Determine if worksheet is empty in openpyxl - openpyxl

I have an application where I write to a worksheet to the last column + 2 if there is already data and to the last column + 1 if the worksheet is empty. I get what I think is an empty worksheet as follows:
from openpyxl.workbook.workbook import Workbook
book = Workbook()
sheet = book.active
When I do sheet.max_row and sheet.max_column, I get 1 for both properties.
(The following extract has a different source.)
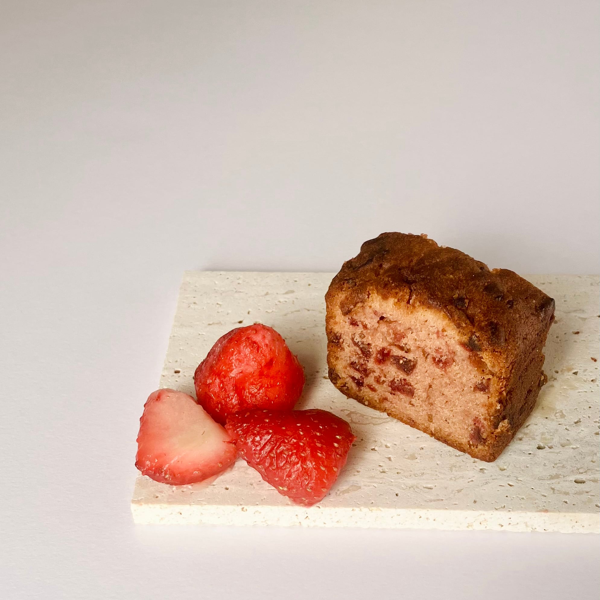 苺のほのかな甘さとフランボワーズの甘酢っぱさが口の中に広がるパウンドケーキです。
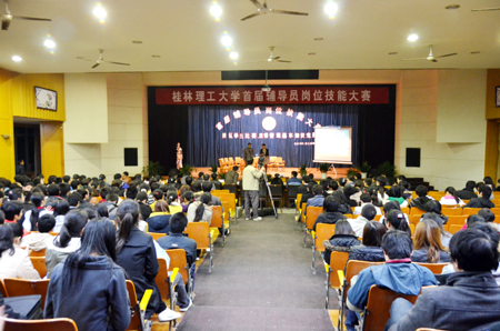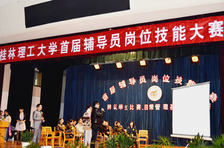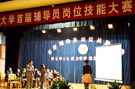 2011年4月8日晚,Beat365官网辅导员岗位技能大赛——辨认学生和日常管理知识部分在南校区礼堂隆重举行。学工处处长熊英、学工处正处级调研员柯天海,校工会副主席陆平、学校纪委监察室副主任李军朝、学工处副处长张雷以及校团委副书记周国桥等观看比赛并担任评委,各学院党委副书记和辅导员及学生代表观看了比赛。

I would like to get zero, so I do the following:
if sheet.max_row == 1 and sheet.max_column == 1 and not sheet['A1'].value:
start_col = 1
else:
start_col = sheet.max_column + 2
Having to check the value of the cell seems a bit overkill, not to mention error-prone. I initially expected the following to work:
if sheet.max_column == 0:
start_col = 1
else:
start_col = sheet.max_column + 2
Is there a reason max_row and max_column are always >= 1? Is this a bug, an intentional feature or a reasonable side-effect of something else? Finally, is there a workaround (e.g. something like sheet.isempty()).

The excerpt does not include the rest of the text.